0

I cannot understand how System.in.read() method works.

There is such a code:

    public static void main(String[] args) throws IOException {
        while (true){
            Integer x = System.in.read();
            System.out.println(Integer.toString(x, 2));
        }

I know that System.in.read() method reads from the inputstream PER ONE BYTE.

So when I enter 'A'(U+0041, one byte is used to store the char) - the program output is:

 1000001 (U+0041)
 1010 (NL) - it works as expected.

But when I enter 'Я'(U+042F, two bytes are used to store the char) - the output is:

 11010000 (byte1)
 10101111 (byte2)
 1010 (byte3 - NL)

The real code for letter 'Я'(U+042F) is 10000101111.

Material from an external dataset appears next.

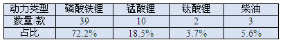 从电池类型看,在51款新能源客车产品中,磷酸铁锂电池依然是主流,其中39款搭载磷酸铁锂电池,占比72.2 %。有10款客车搭载锰酸锂电池,占比 18.5%,2款广通牌纯电动客车搭载钛酸锂电池。
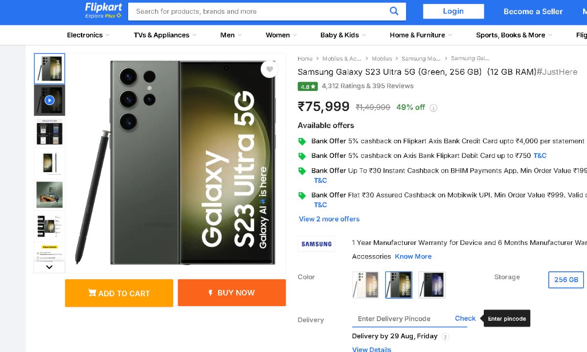 Flipkart prices the Samsung Galaxy S23 Ultra 5G.

Why 11010000 10101111 (byte1 + byte2) is not the binary code for letter 'Я'(U+042F)?

dimmxx
  • 131
  • 1
  • 10
  • 2
    Because `11010000 10101111` is the Unicode character U+042F encoded in UTF-8. – MC Emperor Sep 24 '19 at 17:07
  • A text stream *encodes* the characters in binary. Your input stream is probably in UTF8, otherwise the ASCII range would not be single-byte but would have the `00` part as well. Read about UTF-8. – RealSkeptic Sep 24 '19 at 17:08
  • See https://stackoverflow.com/questions/40124088/if-%e2%84%a4-is-in-the-bmp-why-isnt-it-encoded-in-2-bytes/40124195#40124195 – MC Emperor Sep 24 '19 at 17:09
  • `'A'` is within single-byte territory: decimal value 65, well within the -128 to 127 numeric range of a single byte. `'Я'` is multi-byte becuase the decimal value 1,071 cannot be represented by a single byte. – Kaan Sep 24 '19 at 17:16
  • As a side note, you should use `int` here. There is no reason to box the value into an `Integer` object. – Holger Sep 25 '19 at 13:16

1 Answers1

2

This will depend on the external process that is sending data to System.in. It could be a command shell, an IDE, or another process.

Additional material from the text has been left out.